La struttura della cappella, risalente al XV secolo, è un elemento eccezionale grazie ai suoi dipinti geometrici in ocra rossa, gialla, nera e bianca, restaurati nel 2007 a tracce identiche. Le vecchie tecniche, come l'uso di colla di pelle di coniglio mescolato con pigmenti, sono state replicate. Il coro, ampliato nel XVI secolo, ha una differenza di ornamento con il transetto, mentre la navata, rinata nel 1638, incorpora una porta ornata da una croce di Malta, evocando un possibile collegamento con i Templari, anche se non confermata.

I mobili e gli elementi architettonici riflettono varie influenze: una capitale romana riutilizzata nel transetto, un lintel potenzialmente carolingio nella porta settentrionale, e vetrate del XV secolo, tra cui un rappresentante dell'albero di Jesse.
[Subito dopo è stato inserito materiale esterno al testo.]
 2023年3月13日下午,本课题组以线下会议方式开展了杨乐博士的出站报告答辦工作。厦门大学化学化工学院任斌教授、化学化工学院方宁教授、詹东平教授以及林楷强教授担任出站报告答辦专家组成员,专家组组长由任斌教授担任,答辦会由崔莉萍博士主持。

Gli stemmi delle famiglie nobili locali, come quelli dei duchi di Bretagna, dei Signori di Val e Kaer, attestano la loro preeminenza sulla cappella. Queste famiglie, possessori di seigneurie nel XV e XVI secolo, contribuirono alla sua abbellimento, in particolare per la ricostruzione del comodino nel XV secolo, periodo fascista per la famiglia della Val.

La cappella, in un piano di croce latina, unisce vari materiali: pietre di granito per la navata e la pietra tagliata per il comodino. Il suo arco diaframma separa la navata dal coro, mentre le braccia delle cappelle laterali della casa transetto dedicate alle famiglie nobili. Le decorazioni murali e cornici, restaurate nelle recenti campagne (2007-2009), rivelano rare tecniche artistiche medievali in Bretagna. Un Cristo croce del XIV secolo, scoperto durante queste opere, rafforza il suo interesse storico.
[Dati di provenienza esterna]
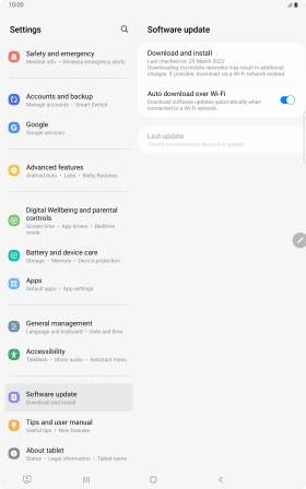 Press Download and install. If a new software version is available, it's displayed. Follow the instructions on the screen to update the tablet software.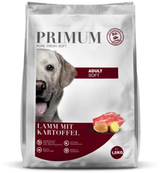 PRIMUM bárány burgonyával Kiváló minőségű félnedves ételünk extra sok friss bárányhússal - természetesen gabonamentes. A PRIMUM bárány burgonyával mindennel ellátja állatát, amire szüksége van. A több mint 50%-ban élelmiszergyártásból származó bárányhús, válogatott alapanyagok, például burgonya, alma és borsó, valamint számos értékes fűszernövény, kivál

La cappella di Locmaria-er-Hoët, monumento storico dal 24 aprile 1925, fu una volta adibita a stazione di pellegrinaggio. Il suo placister erboso, ombreggiato da un se e segnato da una croce, lo rende un antico luogo di culto, forse basato sui resti di un tempio romano o villa, come suggerito dalle piastrelle di confine presenti sul sito. Oggi di proprietà del comune, continua a testimoniare la storia religiosa e signeuriale della regione.

Gli ultimi restauri hanno permesso di evidenziare i suoi elementi più notevoli, come la credenza del XV secolo decorata con trilobi, il vetro colorato con stemmi nobili e le capitali storiche. Anche se il suo legame con i Templari rimane ipotetico, la presenza di simboli come la Croce Maltese e la diversità degli stili architettonici lo rendono un monumento emblematico del patrimonio bretone, mescolando il patrimonio gallo-romano, medievale e moderno.